Koopman Autoencoders with Continuous-Time Latent Dynamics for Fluid Dynamics Forecasting
This work addresses the problem of fluid dynamics forecasting for computational fluid dynamics applications, offering an incremental improvement over existing discrete-time Koopman methods.
The paper tackles the trade-off between short-term accuracy and long-horizon stability in data-driven surrogate models for turbulent flow simulation by introducing a continuous-time Koopman autoencoder framework, which demonstrates robustness to temporal resolution and enables efficient long-horizon forecasting with improved stability and extrapolation properties.
Data-driven surrogate models have emerged as powerful tools for accelerating the simulation of turbulent flows. However, classical approaches which perform autoregressive rollouts often trade off between strong short-term accuracy and long-horizon stability. Koopman autoencoders, inspired by Koopman operator theory, provide a physics-based alternative by mapping nonlinear dynamics into a latent space where linear evolution is conducted. In practice, most existing formulations operate in a discrete-time setting, limiting temporal flexibility.
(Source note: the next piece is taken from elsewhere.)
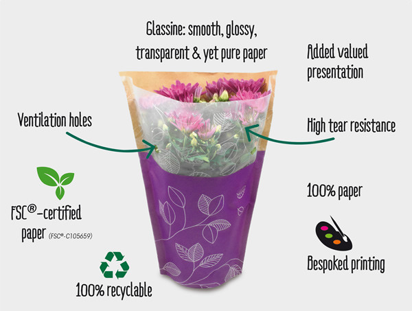 Traditioneel worden de meeste planten/bloemen in plastic hoezen verpakt. De vraag naar milieuvriendelijke alternatieven als de papieren hoes laat volgens Weber Verpackung echter een duidelijk stijgende lijn zien. "Internationale wetgeving met betrekking tot plasticreductie, de veeleisende consument en daarmee de druk van de wederverkopers, zoals exporteurs, tuincentra en retail, zorgen ervoor dat kwekers steeds vaker een papieren hoes als duurzame verpakkingsoplossing kiezen, zowel voor handmatig als (semi)-geautomatiseerd gebruik", vertelt Olaf Amende.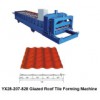 A. Simple structure and beautiful outlook; B. Easy to setting and operation C. Little noise and high working efficiency. D. High Strength and high production1. Profile 1.1 Feeding width: 1000mm1.2 Effective width: 828mm1.3 Material thickness: 0.5-0.8mm 2. Process flow Decoiling--feeding---forming---cutting---production 3.Manual Decoiler 3.1 Material coil inner diameter: 450mm-700mm3.2 Max coil width: 1200mm3.3 Carrying capacity: 5T 4.Forming Device 4.1 Number of forming steps:16 steps4.2 Shaft material: 45# steel with harden treatment, outer diameter 75mm4.3 Roller material: 45# steel4.4 Main motor power: 5.5kw4.5 Forming speed: 8-10m/min4.6 Voltage:380V/50Hz/3 phrase 5.Cutting Device 5.1 hydraulic cutter5.2 blade, puncher and mold material: Cr12 steel with quenched treated 60-62C5.3 cutting system: advanced hydraulic drive, automatic cutting after forming, no distorting or wasting, high level safety factor. 6.Controlling Device 6.1 screen: 5.7 inch Taida screen from Taiwan6.2 PLC: Taida DVP14ES from Taiwan6.3 coder: Japanese Omron E6C2 7. Hydraulic 7.1 Advanced hydraulic system from Taiwan7.2 Power: 4kw 8.Simple output frame simple frame weld bu #8 U bar, 1 pcs of 3m 9.Payment and terms Payment: 30% T/T in advance and balance 70% after inspection confirmation before shipment. . 10.Warranty One year, and we will provide the technical support for the whole life. 11. Packing Container packing of the line suitable for overseas shippingThe subject can be loaded in one 40’ GP container.Packing style: Naked and covered by plastic film, spare parts and some small parts packed in wooden box. 12.Assemble, train the machine It is free to assemble and train the machine, but the buyer must pay for the round-trip airplane ticket, and arrange accommodation during that time 13. Maintain It is free to maintain the machine the first year after you buying, include changing the main components. The first year hence, you will pay for our technician $50/day to maintain the machine. And its component is not free, if you need to get it from us. (The buyer should supply airplane ticket and accommodation, if he need maintain).

In this work, we introduce a continuous-time Koopman framework that models latent evolution through numerical integration schemes. By allowing variable timesteps at inference, the method demonstrates robustness to temporal resolution and generalizes beyond training regimes. In addition, the learned dynamics closely adhere to the analytical matrix exponential solution, enabling efficient long-horizon forecasting. We evaluate the approach on classical CFD benchmarks and report accuracy, stability, and extrapolation properties.